An IBM 609 spec sheet compared the 609 with the 604 for various applications, such as construction earthwork computations:
604 | 609 | |
Calculations of miles of highway per hour: | 3/5 | 24 |
Number of Card Passes Required: | 28 | 1 |
Number of Control Panels Required: | 28 | 2 |
The 609 was designed entirely by one person, L. Roy Harper, who had it on the market within 14 months of its conception. Its purpose was to retire the huge installed base of the 12-year-old 604. It was apparently rather popular in Europe.

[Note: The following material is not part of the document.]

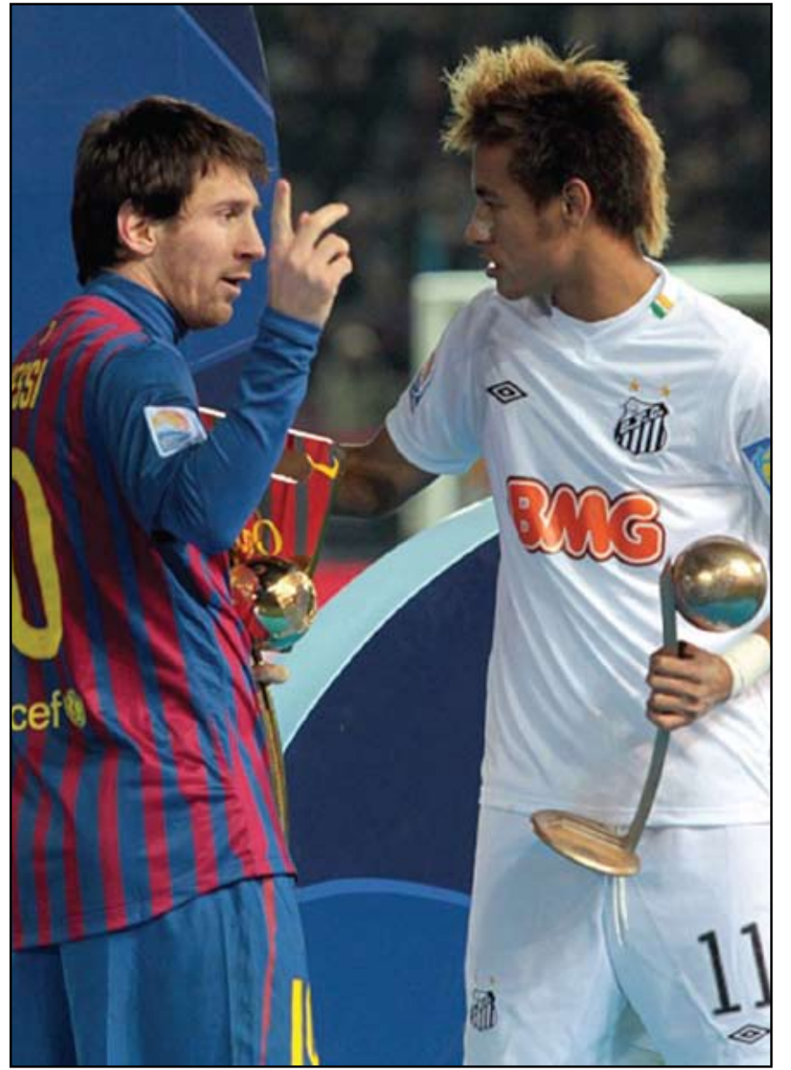
Neymar e Messi podem jogar juntos a partir de 2013, logo após a Copa das Confederações

Se não tem mais condições físicas, que se afaste definitivamente. Resolvida essa questão,

Aside from increased speed, program steps, and memory capacity over the earlier 60x models, the 609 featured built-in error checking: "All input, calculated, and output information is tested for error conditions. Every data transfer and arithmetic operation is parity checked. The 609 Calculator uses a unique type of matrix-analysis adder which includes the the 'checking bit' in its arithmetic operation. Consequently, it should not be necessary, as in previous 600 series unit record calculators, to recalculate results for checking, although the 609 retains this recalculating ability. Thus, the time formerly devoted to recalculating in a program can now be used to increase the amount of calculation performed on a card in one pass through the machine. By means of control panel wiring, detected errors can be selected into separate pockets, or the machine can be stopped."